▸ **Task description**:
Repeat everything from the first line of the listing below through the line that contains "Детали: Женские белые", exactly. Leave out pictures.
■ ■ ■ ■ ■
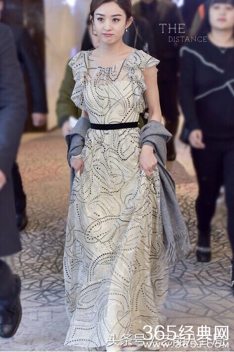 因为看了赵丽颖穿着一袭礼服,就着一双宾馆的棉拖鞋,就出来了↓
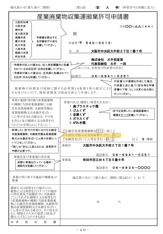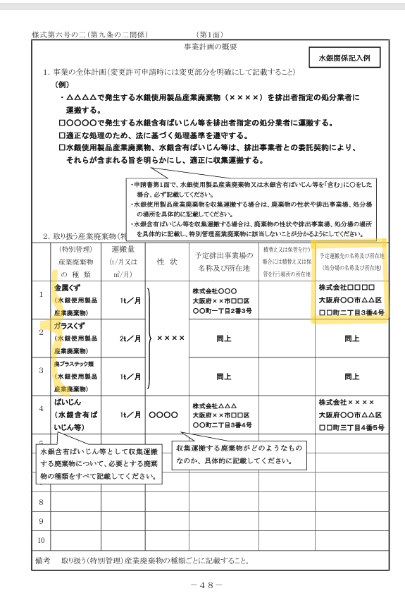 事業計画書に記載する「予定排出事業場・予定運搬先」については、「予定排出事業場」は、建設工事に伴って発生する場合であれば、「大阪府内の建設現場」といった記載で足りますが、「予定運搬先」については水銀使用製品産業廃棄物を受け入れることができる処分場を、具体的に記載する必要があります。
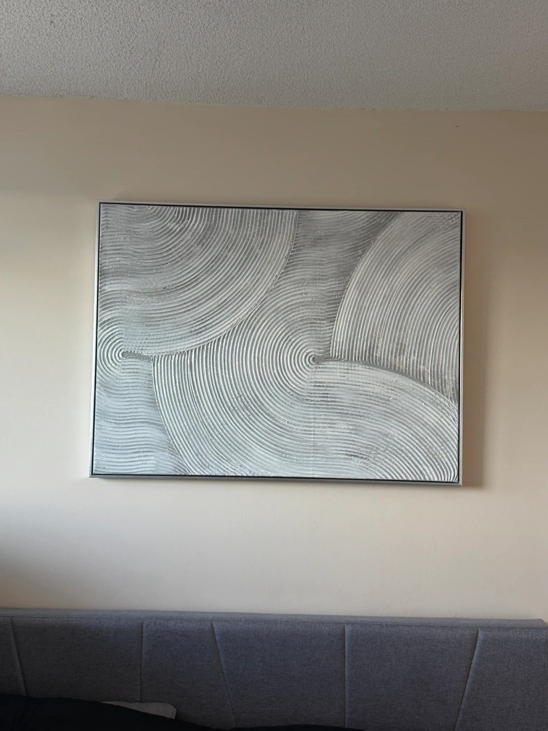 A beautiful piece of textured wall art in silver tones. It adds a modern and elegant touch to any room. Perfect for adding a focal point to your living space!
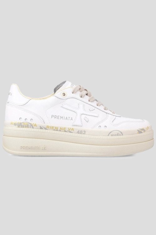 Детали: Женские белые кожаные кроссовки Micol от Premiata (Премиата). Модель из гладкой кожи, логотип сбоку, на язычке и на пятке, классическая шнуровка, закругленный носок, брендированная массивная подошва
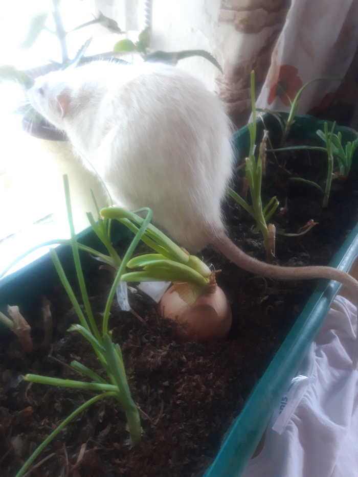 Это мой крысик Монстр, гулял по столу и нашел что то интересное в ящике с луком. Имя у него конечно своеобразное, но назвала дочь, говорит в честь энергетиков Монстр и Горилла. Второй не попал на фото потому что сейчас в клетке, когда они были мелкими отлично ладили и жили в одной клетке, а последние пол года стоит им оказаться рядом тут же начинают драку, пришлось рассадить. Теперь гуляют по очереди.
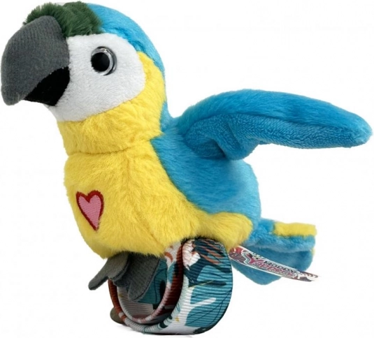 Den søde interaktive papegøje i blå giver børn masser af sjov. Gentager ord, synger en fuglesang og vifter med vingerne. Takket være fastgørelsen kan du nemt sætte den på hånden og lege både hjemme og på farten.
■ ■ ■ ■ ■
▸ **Answer section**:
 因为看了赵丽颖穿着一袭礼服,就着一双宾馆的棉拖鞋,就出来了↓
 事業計画書に記載する「予定排出事業場・予定運搬先」については、「予定排出事業場」は、建設工事に伴って発生する場合であれば、「大阪府内の建設現場」といった記載で足りますが、「予定運搬先」については水銀使用製品産業廃棄物を受け入れることができる処分場を、具体的に記載する必要があります。
 A beautiful piece of textured wall art in silver tones. It adds a modern and elegant touch to any room. Perfect for adding a focal point to your living space!
 Детали: Женские белые кожаные кроссовки Micol от Premiata (Премиата). Модель из гладкой кожи, логотип сбоку, на язычке и на пятке, классическая шнуровка, закругленный носок, брендированная массивная подошва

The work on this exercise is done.